Sooner a democratic Govt installed, better – EU Ambassador
The sooner a democratically elected Government and political stability are in place in Guyana, the sooner the European Union (EU) can focus on providing the next level of funding for Guyana to fight the coronavirus (COVID-19).
This was explained by EU Ambassador to Guyana, Fernando Ponz-Canto, in a recent interview in sections of the media. According to him, the EU is already providing short term support to Guyana regardless.
“We’re doing some reprogramming, to see how the money we have already committed can be refocused and a part of it [used] to do things that are responding to the COVID pandemic,” he said.
“But you have to distinguish between the short, medium and long term effects. For the short term effects, we have a humanitarian office already active everywhere. And this doesn’t depend on the political situation.”
However, he noted that political stability and a democratically installed Government would greatly assist in having the EU provide additional assistance.
According to him, it is the heavy-duty, long term assistance to Guyana that the EU needs to partner with a stable Government.
“For the longer-term effects, which are going to be very important, we have our development cooperation. And this is something that we do in partnership with governments.”
“So I think that the sooner we have an installed, democratic Government, fully functional, the sooner we will be able to advance with this process,” the diplomat said.
As of Tuesday, Guyana had 113 cases of COVID-19, an increase of over a dozen cases in just a few days.

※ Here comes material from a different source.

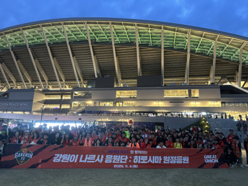 강원FC가 2025~2026 AFC챔피언스리그 엘리트(ACLE) 리그스테이지 원정 경기를 위해 일본 히로시마에 입성한 4일, 경기장은 이른 오후부터 강원 팬들의 열기로 들썩였다.

Already, there is talk of a complete lockdown, something that is likely to have a detrimental effect on the economy.
Owing to its oil sector, Guyana has been pegged as one of the few countries in the hemisphere that will see positive economic growth for 2020. In fact, this growth is likely to be in double digits.
However, the World Bank had recently flagged Guyana’s incomplete March 2, General and Regional Elections as one of the key risks to the country’s transformation projected from expected windfalls from its nascent oil and gas industry
The World Bank had also projected that in the wake of the COVID-19 pandemic, the world will see a drastic reduction in remittances, with the Caribbean being hit with its sharpest decline in remittances in recent history.
Remittance, the act of overseas-based family members sending home money, plays a big role in the local economy. The Bank of Guyana reported US$327.9 million in remittances for 2018. This amount was US$317.2 million in 2017 and US$264.6 million in 2016.
However, with the coronavirus pandemic, countries around the world have implemented stay-at-home policies. Staying at home and social distancing has been a two-edged sword, reducing the spread of coronavirus but also bringing economies to a halt.
There have also been layoffs, including in the United States from where Guyana gets much of its remittances.
As if dealing with the potential of an economic contraction and reduction in remittances owing to coronavirus was not enough, Guyana also faces the risk of remittances and the economy being curtailed due to sanctions.
This is the bleak reality if foreign Governments make good on their warnings should Guyana not conclude its elections in a timely and democratic fashion.
It has already been over two months of controversy, and a credible winner of the 2020 General and Regional Elections is yet to be declared. While a recount is ongoing, parties and stakeholders have complained that each day seemingly brings new challenges.